Monitoring Website Traffic with a Simple Script

In the world of website management, keeping track of traffic is essential. Monitoring access logs can help you understand the volume of traffic and identify potential issues like DDoS attacks or server overloads. In this article, I will explain a simple yet effective script I wrote to monitor hourly traffic on multiple websites hosted on a server. This script can be particularly useful for anyone managing multiple sites and wanting a quick way to get an overview of traffic patterns.

Why I Wrote This Script

As a website administrator managing multiple domains, I needed a way to quickly assess the number of requests each site received in the last hour. This information is crucial for understanding traffic trends, identifying unusual spikes in traffic, and ensuring the server’s performance remains optimal. By running this script, I can get an immediate count of access requests, allowing me to take action if needed.

The Script Explained

Below is the script I use to monitor the traffic on my websites. For the sake of this article, I have replaced my actual domain paths with example domains to keep it generic and applicable to anyone managing multiple websites.

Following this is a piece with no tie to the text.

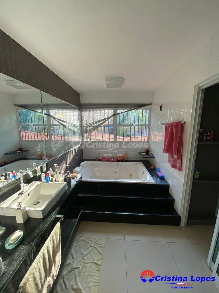 Casa com 04 suítes 04 garagens cobertas Área de Serviço Copa Escritório Lavabo Piscina Piso Porcelanato Sala 02 Ambientes Churrasqueira.

sudo grep "$(date +"%d/%b/%Y:%H" --date='1 hour ago')" /home/example1/logs/nginx/access.log | wc -l
sudo grep "$(date +"%d/%b/%Y:%H" --date='1 hour ago')" /home/example2/logs/nginx/access.log | wc -l
sudo grep "$(date +"%d/%b/%Y:%H" --date='1 hour ago')" /home/example3/logs/nginx/access.log | wc -l
sudo grep "$(date +"%d/%b/%Y:%H" --date='1 hour ago')" /home/example4/logs/nginx/access.log | wc -l

Breaking Down the Script

Let’s break down what each part of the script does:

  1. Date Command: $(date +"%d/%b/%Y:%H" --date='1 hour ago')
    • This command generates a timestamp for one hour ago, formatted as day/month/year:hour.
    • This format matches the timestamp in NGINX access logs.
  2. Grep Command: sudo grep "$(date +"%d/%b/%Y:%H" --date='1 hour ago')" /home/example1/logs/nginx/access.log
    • sudo grep searches the access log for entries that match the timestamp generated by the date command.
    • It reads the access log file for the specified domain (/home/example1/logs/nginx/access.log).
  3. Count Command: | wc -l
    • This part of the command pipes (|) the output of grep to wc -l.
    • wc -l counts the number of lines returned by grep, which corresponds to the number of access requests in the last hour.

Running the Script

To run this script, simply execute it in your terminal. You can also create a cron job to automate this process and get hourly reports without manual intervention.

Use Case and Benefits

This script is particularly useful for:

  • Website Administrators: Quickly assess the traffic to multiple websites.
  • Security Monitoring: Identify unusual spikes that might indicate a DDoS attack.
  • Performance Tuning: Understand traffic patterns and optimize server resources accordingly.

By monitoring your traffic hourly, you can proactively manage your server’s performance and security. This simple script provides immediate insights without the need for complex monitoring tools.


I hope this script helps you manage your websites more effectively. It has certainly made my job easier by providing quick, actionable insights into my server’s traffic. If you have any questions or suggestions, feel free to reach out. Does this script help you manage your website traffic? Let me know how it works for you!

Feel free to customize the script and article to better fit your specific needs and environments. Happy monitoring!